DATA ▸
-- Opening Marker --
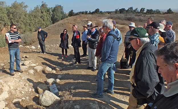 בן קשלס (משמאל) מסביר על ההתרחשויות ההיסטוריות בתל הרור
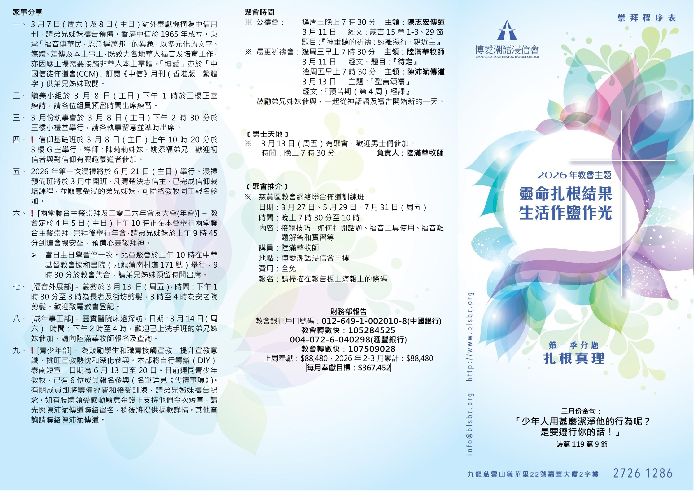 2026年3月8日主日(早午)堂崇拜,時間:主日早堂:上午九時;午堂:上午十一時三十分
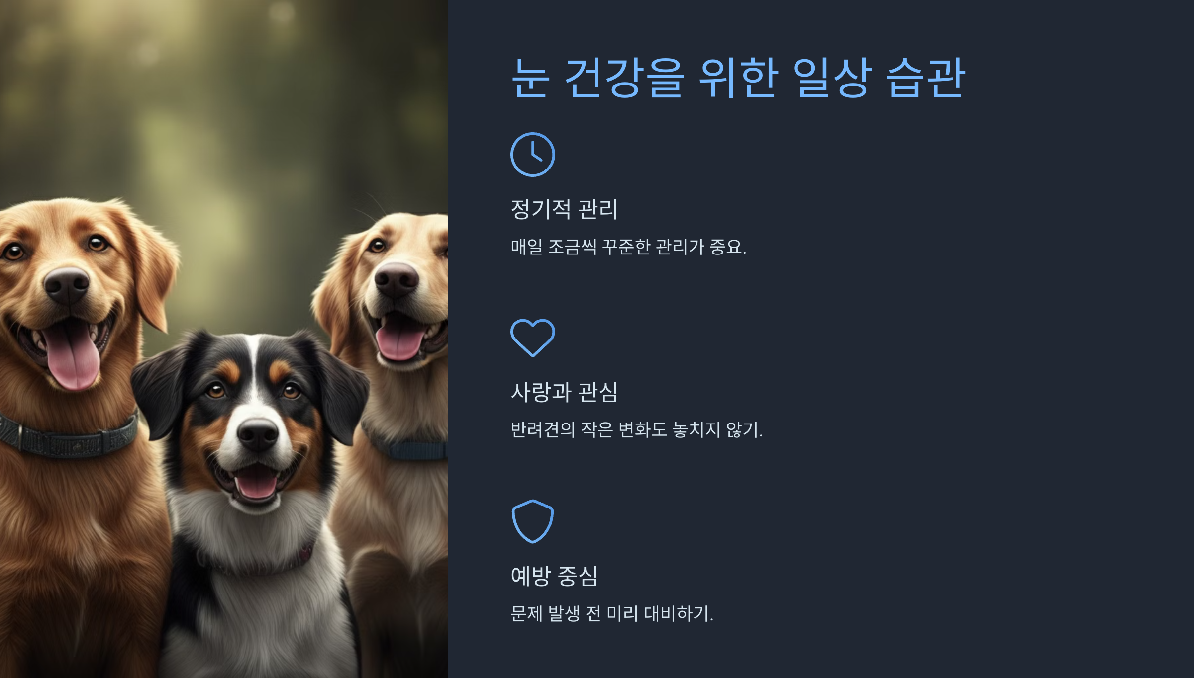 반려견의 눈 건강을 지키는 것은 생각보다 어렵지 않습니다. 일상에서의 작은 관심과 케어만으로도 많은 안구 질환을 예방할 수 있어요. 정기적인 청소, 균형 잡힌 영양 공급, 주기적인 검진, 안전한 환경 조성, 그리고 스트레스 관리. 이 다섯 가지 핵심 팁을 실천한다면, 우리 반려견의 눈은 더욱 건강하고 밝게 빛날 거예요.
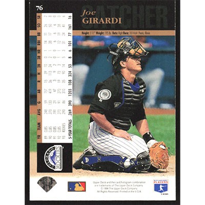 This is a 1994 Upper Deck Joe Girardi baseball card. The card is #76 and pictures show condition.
-- Closing Marker --
AIM OF THE EXERCISE ▸ Leaving every picture out, output the data exactly as it stands.

TASK RESULT ▸
 בן קשלס (משמאל) מסביר על ההתרחשויות ההיסטוריות בתל הרור
 2026年3月8日主日(早午)堂崇拜,時間:主日早堂:上午九時;午堂:上午十一時三十分
 반려견의 눈 건강을 지키는 것은 생각보다 어렵지 않습니다. 일상에서의 작은 관심과 케어만으로도 많은 안구 질환을 예방할 수 있어요. 정기적인 청소, 균형 잡힌 영양 공급, 주기적인 검진, 안전한 환경 조성, 그리고 스트레스 관리. 이 다섯 가지 핵심 팁을 실천한다면, 우리 반려견의 눈은 더욱 건강하고 밝게 빛날 거예요.
 This is a 1994 Upper Deck Joe Girardi baseball card. The card is #76 and pictures show condition.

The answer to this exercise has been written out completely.